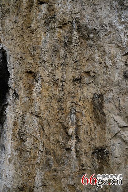 金山洞摩崖是貴陽市花溪區(qū)最早的摩崖石刻,也是貴州最早的摩崖石刻之一。該摩崖石刻位于燕樓鄉(xiāng)東北三里的金山洞巖壁上。其山上豐下儉,古人利用自然山形,在可避風雨的洞壁上摩巖、題刻賦詩作畫。整個摩崖面積通高140厘米,寬74厘米;自右至左豎行排列,共6行82字。據(jù)系楷書陰刻,書法古樸流暢,具有較高的歷史價值。
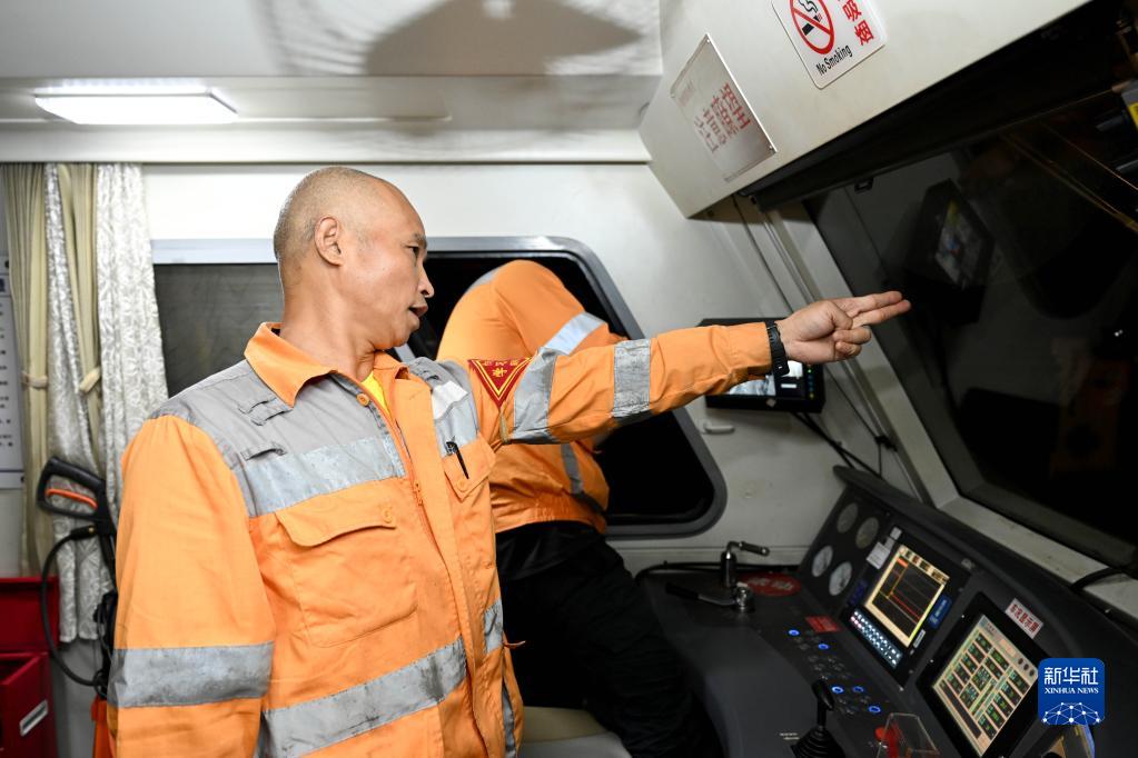 10月4日晚,在安徽宣城,中国铁路上海局集团有限公司南京供电段绩溪北接触网工区接触网检修作业车司机在确认出站信号。
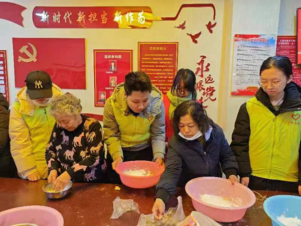 滚元宵取团圆之意,象征全家人团圆幸福,年年欢聚。居民朋友们和志愿者们“开足马力”,挽起袖子齐上阵,纷纷加入到“滚”元宵的队伍中,饱满的馅料,圆滚滚的外形,让人食欲满满。大家开心地围在桌前,将元宵圆馅料沾水后放进糯米粉中滚了起来。这样重复七八次后,一个个圆滚滚的元宵圆摆满了桌面。通过学做元宵圆,既感受了元宵佳节的喜庆气氛,又传承弘扬了中华优秀传统文化。
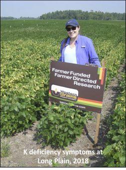Megan Bourns, in her U of M Masters research project in 2018 and 2019, looked at K fertilization of soybeans on K deficient soils. Potassium deficiency symptoms were observed throughout the growing season. However, she found no yield response to any K treatment at any site. But barley planted on the same sites showed a 20 per cent increase in yield where soybean showed none. This indicates that the current recommendations based on soil test K work well for barley but not soybean.
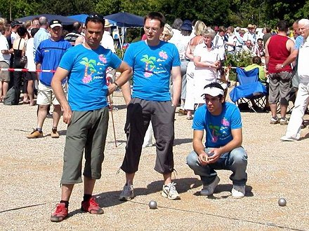 Ruth Seebach / Andreas Globig / Nicolaj Kirchhof (NRW) Deutscher Vizemeister Triplette sind Angelika Thelen / Thomas Thelen / Georgios Dimitriadis (NRW) Den 3. Platz teilen sich Mohamed-Kamel Bourouba / Malte Berger / Kim Rieger (NRW) Christian Hempel / Wolfram Krabiell / Matthias Schmitz (Berlin) Allen einen herzlichen Glückwunsch. Am 18. und 19.06.05 wurden in Lübeck-Travemünde die Deutsche Meisterschaft Triplette ausgetragen. Von den 26 NRW-Teams erreichten 16 Teams den 2. Poule 10 Teams das 1/16-Finale 10 Teams das 1/8-Finale 6 Teams das 1/4-Finale 3 Teams das 1/2-Finale 2 Teams das Finale |
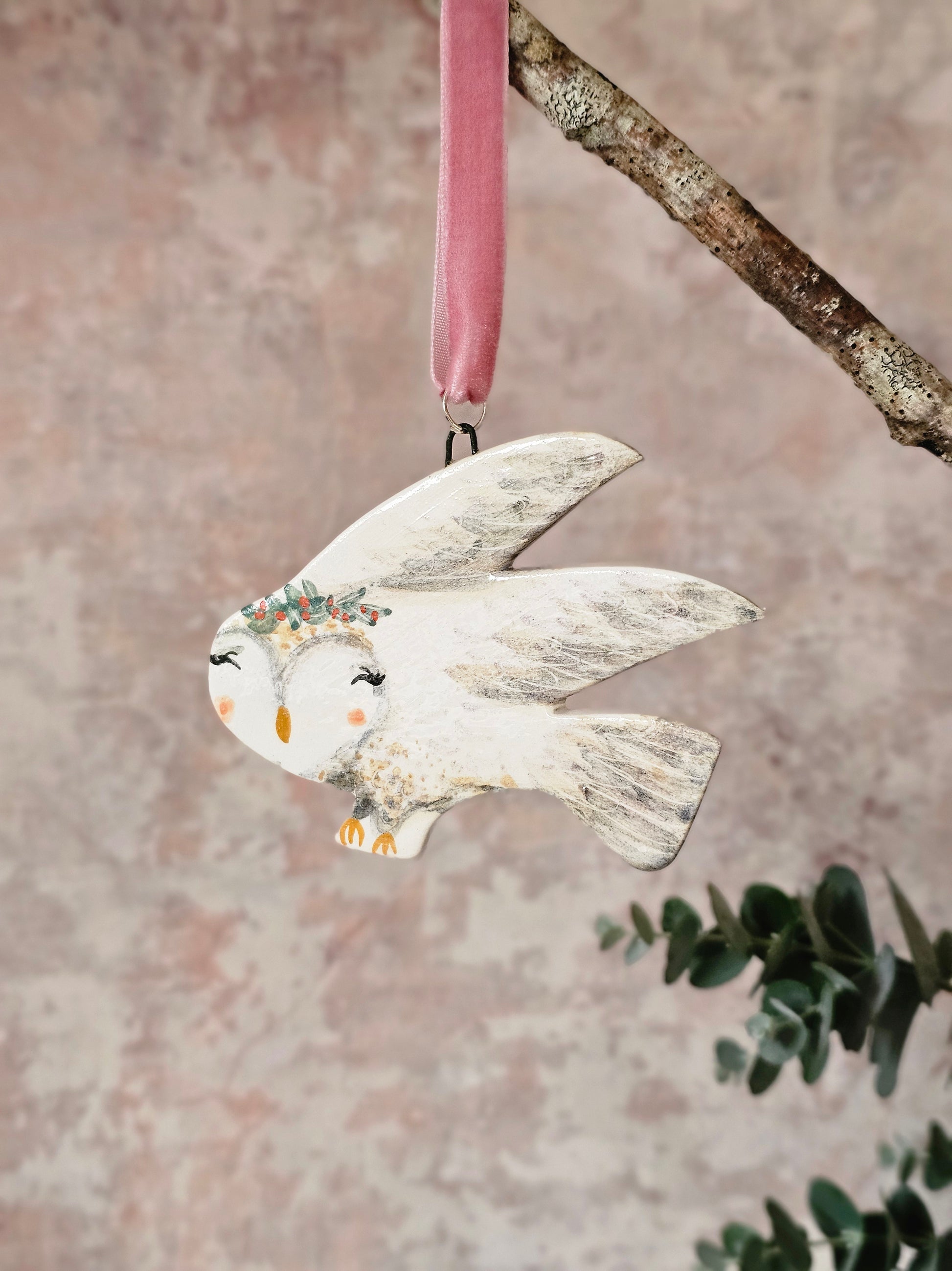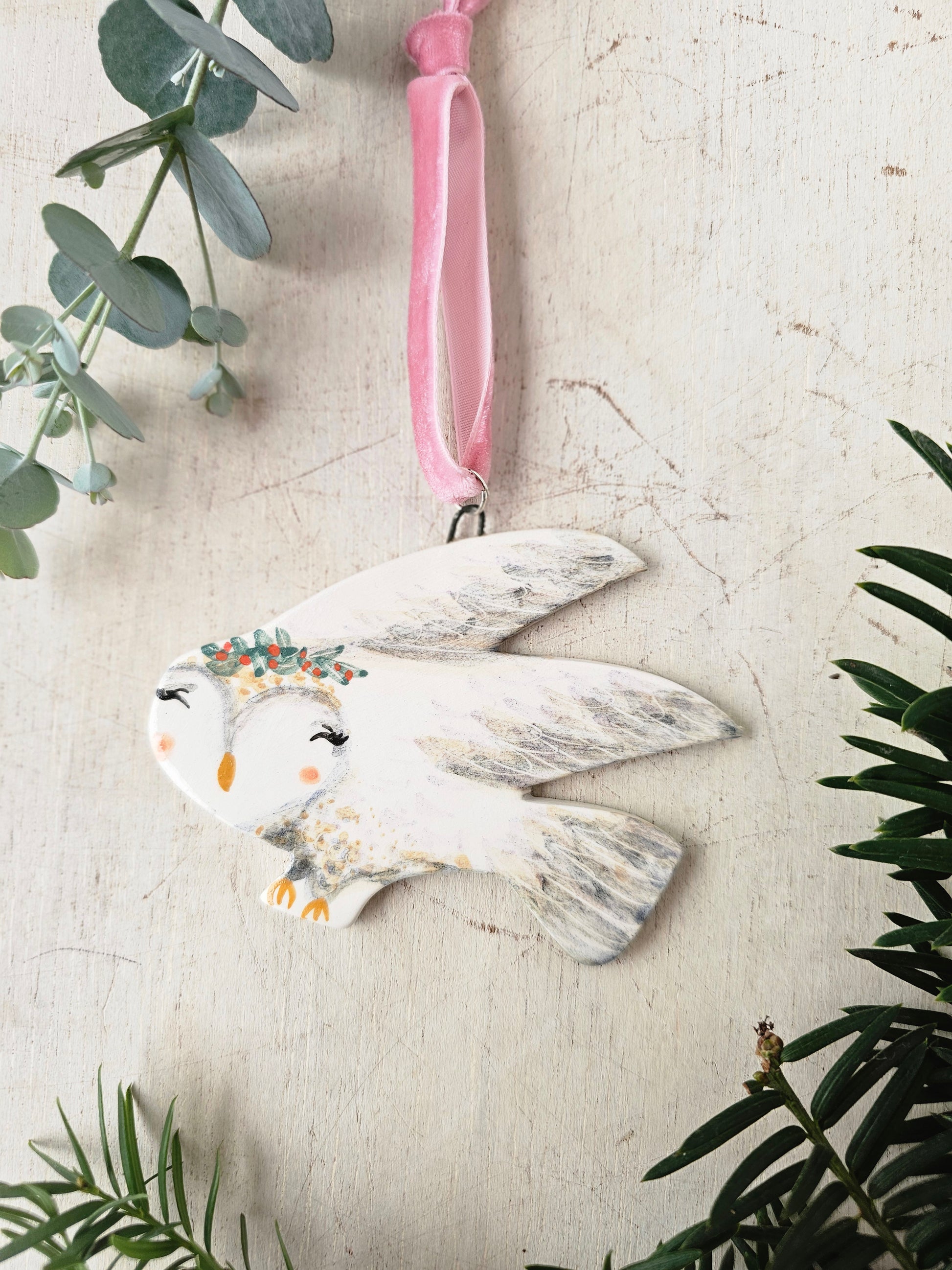 Made to order:Rosa Winterwing — Hand-Painted Ceramic Christmas Snow Owl Ornament

(Instructions for the task)
Leave the pictures out and please restate exactly the lines running from the start of the material through the one with "滚元宵取团圆之意,象征全家人".

(The answer)
 金山洞摩崖是貴陽市花溪區(qū)最早的摩崖石刻,也是貴州最早的摩崖石刻之一。該摩崖石刻位于燕樓鄉(xiāng)東北三里的金山洞巖壁上。其山上豐下儉,古人利用自然山形,在可避風雨的洞壁上摩巖、題刻賦詩作畫。整個摩崖面積通高140厘米,寬74厘米;自右至左豎行排列,共6行82字。據(jù)系楷書陰刻,書法古樸流暢,具有較高的歷史價值。
 10月4日晚,在安徽宣城,中国铁路上海局集团有限公司南京供电段绩溪北接触网工区接触网检修作业车司机在确认出站信号。
 滚元宵取团圆之意,象征全家人团圆幸福,年年欢聚。居民朋友们和志愿者们“开足马力”,挽起袖子齐上阵,纷纷加入到“滚”元宵的队伍中,饱满的馅料,圆滚滚的外形,让人食欲满满。大家开心地围在桌前,将元宵圆馅料沾水后放进糯米粉中滚了起来。这样重复七八次后,一个个圆滚滚的元宵圆摆满了桌面。通过学做元宵圆,既感受了元宵佳节的喜庆气氛,又传承弘扬了中华优秀传统文化。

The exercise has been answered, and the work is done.